2020 WL 4782369 (11th Cir. Aug. 18, 2020)

 

In this case the Eleventh Circuit Court of Appeals addresses what constitutes “direct physical loss” that triggers coverage.  Specifically, the Court considered whether dust and debris generated by road construction is direct physical loss, and held that it is not.

The Southern District of Florida had excluded the opinions of Plaintiff’s experts and granted the Defendant Sparta’s Motion for Summary Judgment. Mama Jo’s is a Miami restaurant where “interior areas are exposed to the elements” when its retractable awning, wall, and roof system is opened. There was nearby road construction for about a year and a half in the “general vicinity of the restaurant.” “During that time, dust and debris generated by the construction migrated into the restaurant.” The establishment remained open, but customer traffic decreased and the restaurant had to clean daily using its “normal cleaning methods….”

The all-risk insurance policy covered “direct physical loss of or damage to Covered Property … caused by or resulting from any Covered Cause of Loss.” “Covered Cause of Loss” was defined as “Risks of Direct Physical Loss unless the loss is” excluded or limited. Likewise, the policy covered business income loss for necessary suspension of operations when the suspension is caused by “direct physical loss or damage” to the property.

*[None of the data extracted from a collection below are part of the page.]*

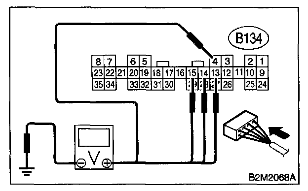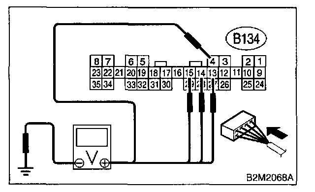 Connector & Terminal #1 (B134) No.4 (+) - Chassis Ground (-) #2 (EB134) No.13 (+) - Chassis Ground (-) #3 (134) No.14 (+) - Chassis Ground (-) #4 (B134) No.15 (+) - Chassis Ground (-):
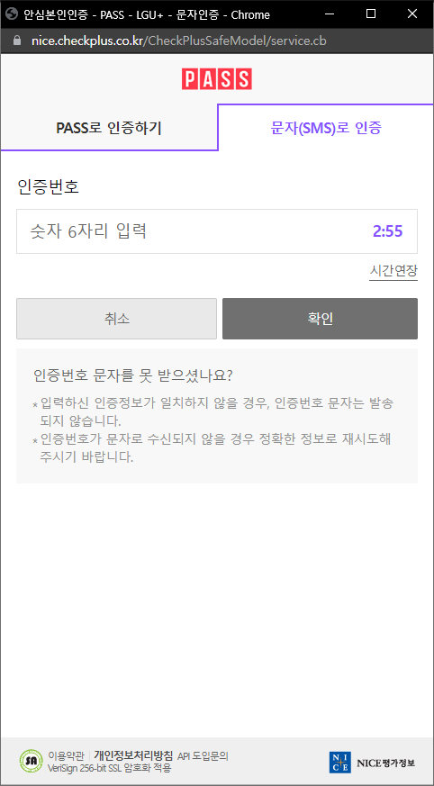 문자로 온 인증번호 6자리를 정확하게 입력한 후 확인을 선택합니다.
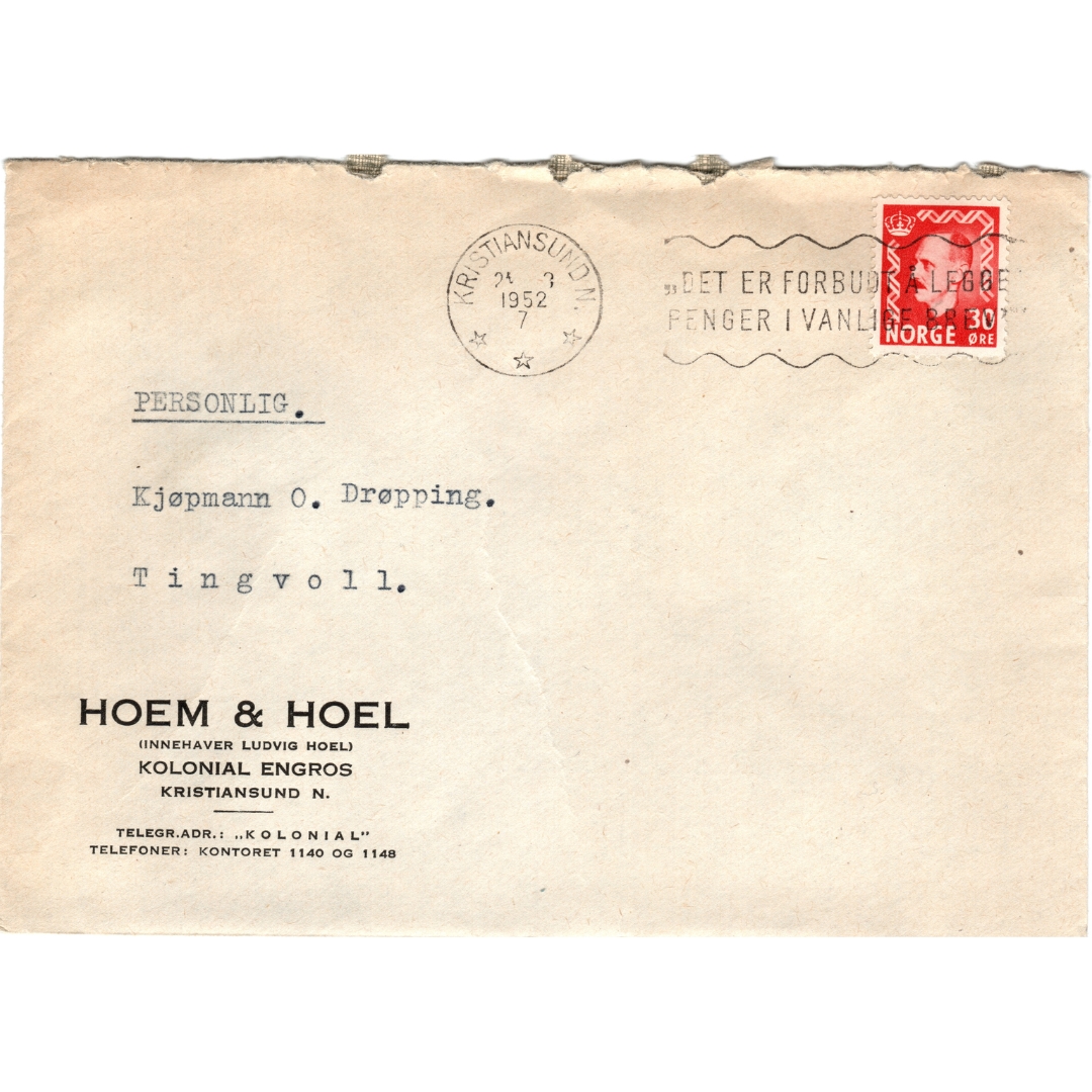 Etablert i 1914, da de overtok aktiviteten fra A. Ervigs Eftgr. Fra 1924 bedrev selskapet kun engroshandel av alskens kolonialvarer. Hadde brygge på vestre del av Storkaia før krigen. Ny bygård ble sammen med “Børsen” og “Kristiansund Handelstands Forening” i 1954 på ca samme tomt som opprinnelig brygge. Hoem & Hoem hadde 1. og 2. etasje. La ned engrosvirksomheten fom. 1/1/57. Bildene av kaffetårnet og kaffetårnet tilhører Nordmøre Museum.
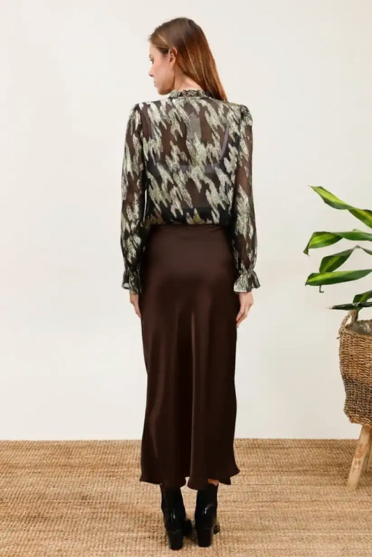 Falda Satinada Midi Animal Print Chocolate Cintura Alta Elegante

The alleged damage included the cost to “clean and paint the restaurant” for approximately $16,000.00, $300,000.00 in lost sales, damage to the restaurant’s awning and retractable roof system, and HVAC repairs. Sparta denied the claim because there was no physical damage to the property and it was “questionable whether a direct physical loss occurred.” The restaurant sued, adding to the claimed damage its audio and lighting systems. Sparta filed a Motion for Summary Judgment  and a Motion in Limine to exclude the testimony of the restaurant’s experts. The district court excluded the restaurant’s expert opinions regarding the awning, roof, HVAC, audio and lighting systems as based upon “methodologies on the issue of causation [that] were unreliable or nonexistent.” Without the experts’ opinions, the restaurant could not prove the construction dust and debris from 2014 caused the “new” damages first claimed in 2018 and the court granted the Motion for Summary Judgment.

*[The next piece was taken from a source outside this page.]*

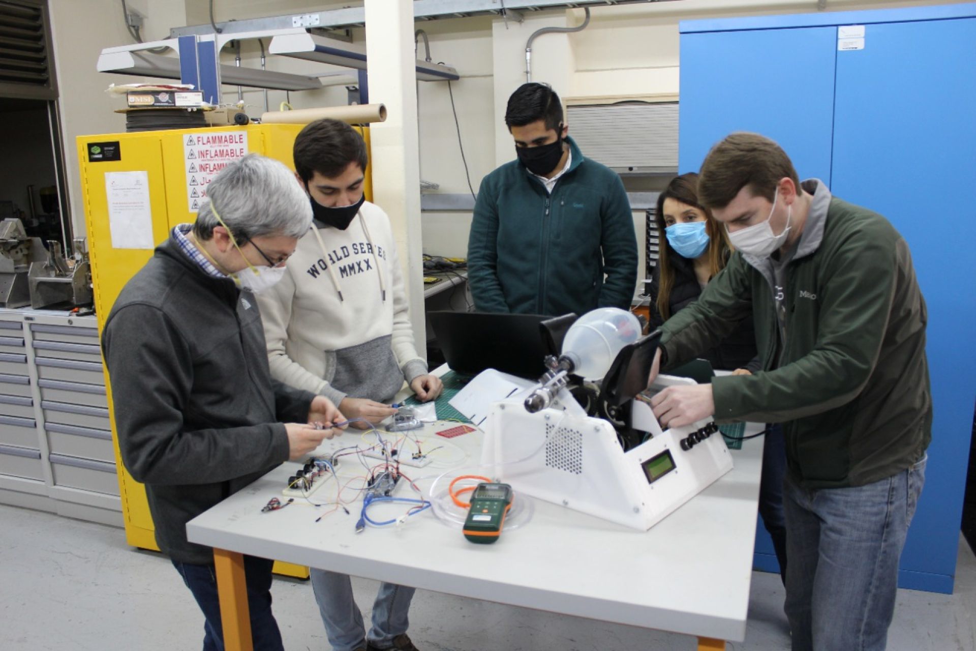 Un prototipo funcional de ventilador mecánico, cuya principal característica es que funciona sin la necesidad de contar con una cama crítica, se encuentran desarrollando un grupo de estudiantes y académicos de la Escuela de Ingeniería Civil Biomédica de la Universidad de Valparaíso en conjunto con ingenieros de la USM. La próxima semana el prototipo será sometido a una inspección en el laboratorio Certemed UV.
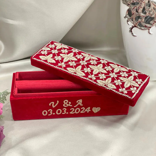 Dark Red Chooda Box With Flower Design - Customize Logo & Text

On appeal, the 11th Circuit found the restaurant’s experts used unreliable methodologies and provided testimony that was speculative, unexplained, or unsupported. The Court noted the opinions were based upon visual inspection only and there was lack of testing. In addition, the 11th Circuit upheld the summary-judgment because cleaning and painting costs did not constitute direct physical loss. It followed that the restaurant did not suffer “a direct physical loss of or damage to its property during the policy period” and thus did not have a claim for loss of business income.

In its decision regarding no direct physical loss having occurred, the 11th Circuit relied on  Florida cases Homeowners Choice Prop. & Cas. v. Maspons, 211 So. 3d 1067, 1069 (Fla. 3d DCA 2017) and  Vazquez v. Citizens Prop. Ins. Corp., ––– So.3d ––––, ––––, 2020 WL 1950831, at *3 (Fla. 3d DCA 2020).